“For every dollar spent, how much good will be done in the world?” – Strategy followed by the globally respected Copenhagen Consensus Center
According to yesterday’s Wall Street Journal the highly respected international think tank, Copenhagen Consensus Center (CCC), offers a smart strategy to solve the world’s most difficult problems. Every four years it convenes a group of leading economists, including Nobel Laureates, to debate policies and rank them by their likely effectiveness. The basic criteria – for every dollar spent, how much good will be done in the world?
The group last met in 2012 and published a book with its recommendations called “How To Spend $75 Billion to Make the World a Better Place.”
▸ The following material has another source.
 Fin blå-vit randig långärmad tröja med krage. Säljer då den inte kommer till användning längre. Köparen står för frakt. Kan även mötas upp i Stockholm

The WSJ article’s author, Matt Ridley, who is also a member of the British House Of Lords, posits that the United Nations and other global leaders would be wise to follow a similar cost-benefit analysis.
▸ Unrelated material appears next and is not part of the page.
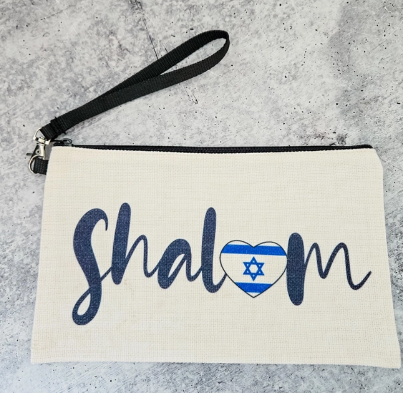 • Reads "Shalom" in navy with an Israeli Flag heart on one side only

But really, we would all be wise – and probably happier – if we exercised a similar strategy for our own expenditures too.
What’s the best way to spend $75 and make the world a better place?
Delightfully, the answer to that question is usually something that feels good too. Shop local and you make your hometown better. Purchase from a naional retailer who gives back – like Tom’s Shoes or Starbucks – and you enjoy great taste and a good conscience. Attend a fundraiser, enjoy fun with friends while raising money for a good cause. Buy fresh organic food and improve not only your nutrition, but also the environment too.
It’s heartening to know that great minds are making good global recommendation. But it’s even better to know that your daily choices can make a significant difference too.